Then (quite a contrast!) – a eucharistic service in Chester Cathedral in England: the three celebrants dressed in green cassocks were way up at the altar with their backs to us. . They swung their incense-thing, and rang bells – it could have been a thousand years earlier. It was very moving when the visiting choir sang the great Anglican communion hymn, ‘And now O Father mindful of the love….’

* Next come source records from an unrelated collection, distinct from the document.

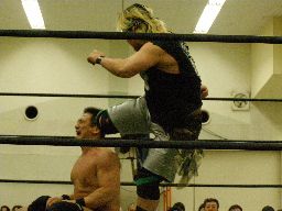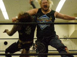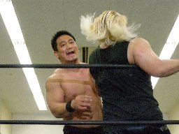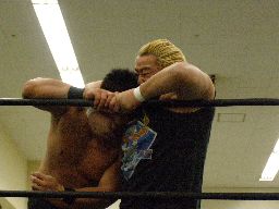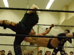ポイズン逆水平、ロープに振ってキチンシンク(左写真)、セントーン、カウント2。高木にタッチ。
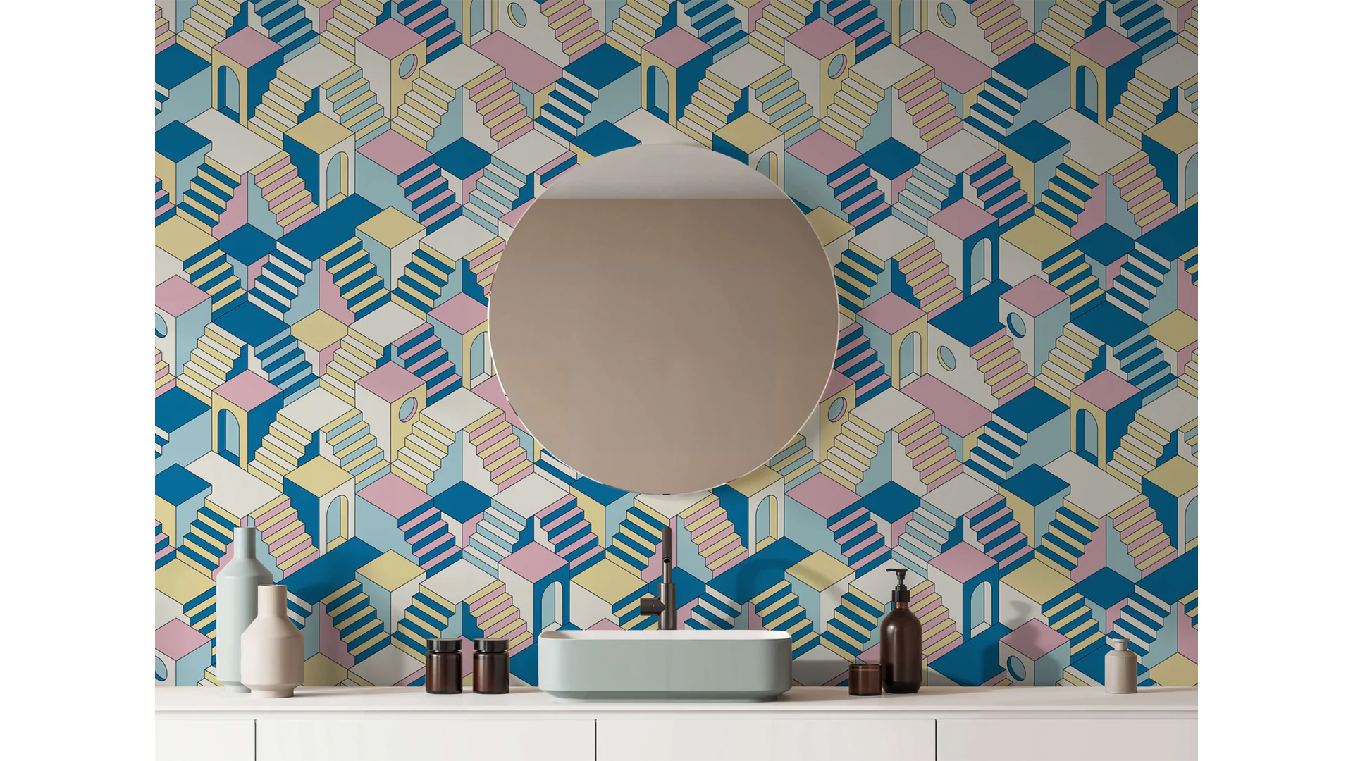 ?Mezze? is a vibrant, graphic wallpaper designed for those seeking a unique aesthetic. It offers a refreshing alternative for individuals who wish to incorporate an outdoor ambiance into their space while embracing a more urban style.
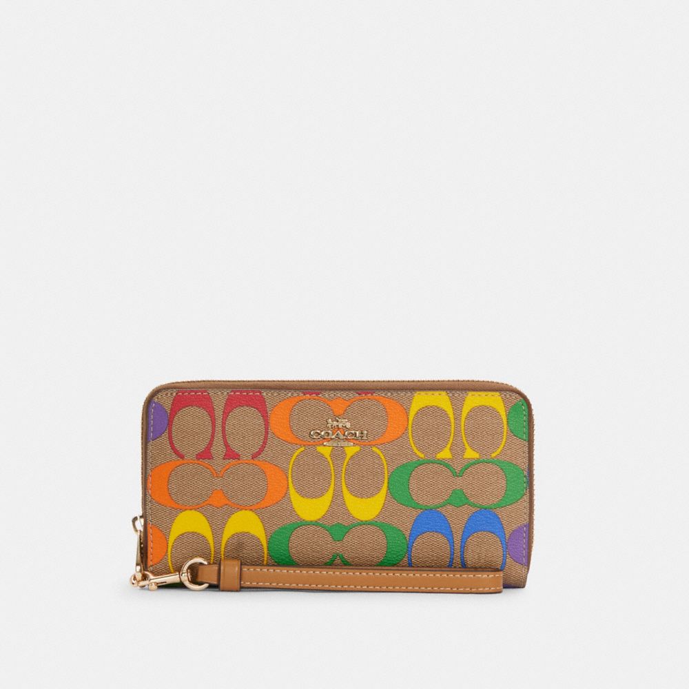 Signature coated canvas and smooth leather| Twelve credit card slots| Full-length bill compartments| Inside zip coin pocket| Zip-around closure| Detachable wrist strap| 7 1/2" (L) x 4" (H) x 1" (W)| Coach celebrates the LGBTQIA+ community this month and every month. This year the Coach Foundation has made donations to the Hetrick-Martin Institute (our longstanding partner), Albert Kennedy Trust, and new partners Point Foundation and CenterLink Community of LGBTQ Centers. All four organizations create supportive environments where LGBTQIA+ young people can find community. To learn more, visit coach.com/DreamItReal.
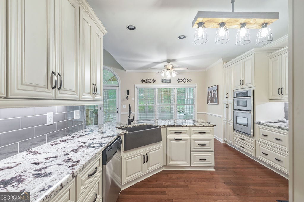 - AppliancesDishwasher, Double Oven, Electric Water Heater, Microwave, Oven/Range (Combo), Stainless Steel Appliance(s)
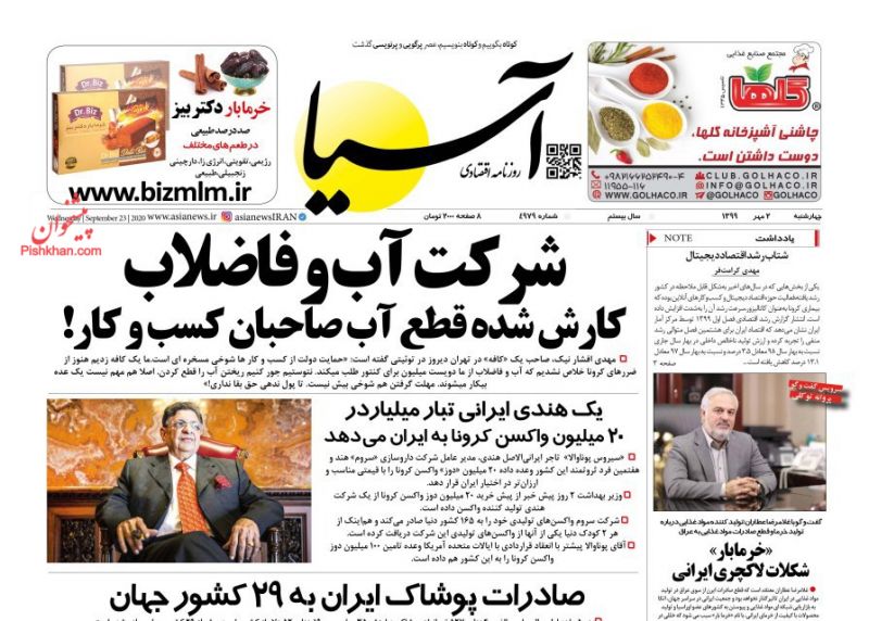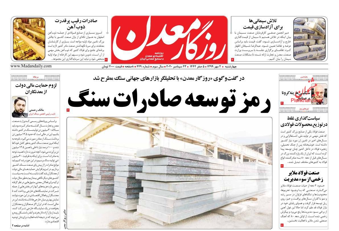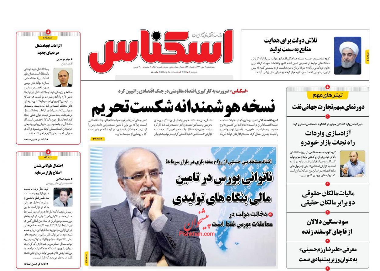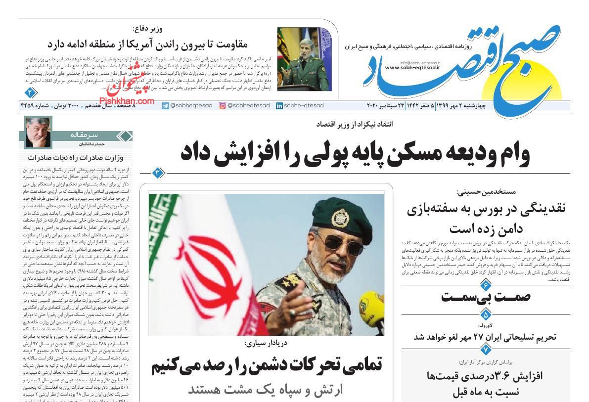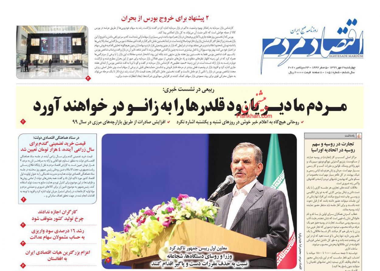 به گزارش گروه اقتصادی خبرگزاری صدا و سیما؛ صفحه نخست برخی روزنامههای اقتصادی امروز چهارشنبه، ۲ مهر ۹۹ به شرح زیر است:
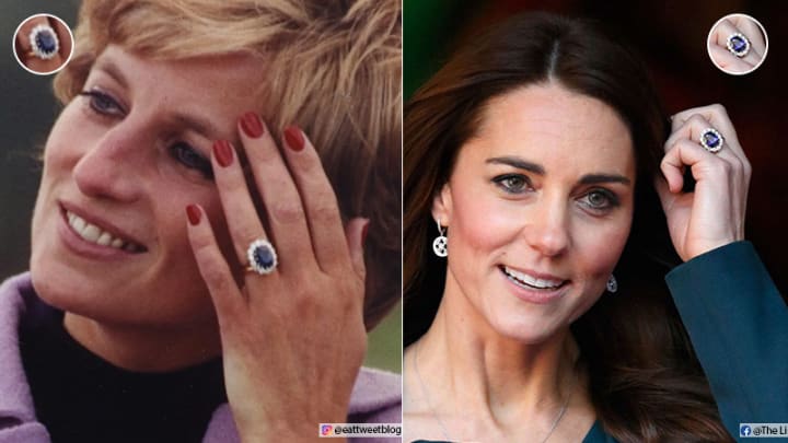 The most relevant instance could be that of the iconic Princess Diana blue sapphire ring. Featuring a massive 12ct, oval-cut blue Ceylon sapphire centerstone, this ring is the most distinguished celebrity engagement ring of all time. After Princess Diana died, her elder daughter-in-law, Kate Middleton, is the new heiress of the ring.
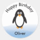 Pegatina Redonda Fiesta de cumpleaños en pingüino gracias a los peg
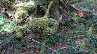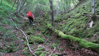 | ☆ ☆ ☆ 唯一眺めがあったのでそこで一休み。先を見ると苔むした石もあります 人が歩いていないので、大きい岩でもズリッと動きます。これが体力を消耗しとても疲れます だんだん登りがきつくなって嫌になる。でも登らないと一般道につかないし、頑張ろうと心でつぶやく なかなか進まないので、亀じゃなくてナメクジ歩きですねぇ ☆ ☆ ☆ |

And so we come – also probably from various traditions – to share in Christ’s body and blood. Millions around the world on this day will do in their own way: some will be seated and the elements will be brought to them; others will go to the front of their sanctuary to receive them. They’ll be worshipping in cathedrals and little weatherboard churches, in prisons and in homes – in churches or groups belonging to the 26,000 different Christian denominations. They will all have some sort of food – usually bread – and some form of liquid – mostly wine or grape-juice – remembering what God has done for them in Christ, sharing communion with their Lord and with one another, and making their response in commitment to do in their world what Jesus did in his. In just about all these churches they will hear the words, ‘This is my body’, ‘This is my blood’. But what does that mean?
At a basic level it means that art and symbol and story are much more powerful than words and concepts to transform us, as Jung often said. When Jesus wanted to get a message of God’s love across to very religious people, he didn’t give a dissertation about a biblical theology of grace: he told a story about a father who had two sons, about a Samaritan who helped a Jew…. And when he wanted his followers to recall, remember, the event which was to be the climax of his life and mission, he gave them this memorial. It’s a very powerful symbol: and as a pastor for 35 years, I’ve often watched the children during a communion service. They seem to have an innate appreciation of the power of these symbols.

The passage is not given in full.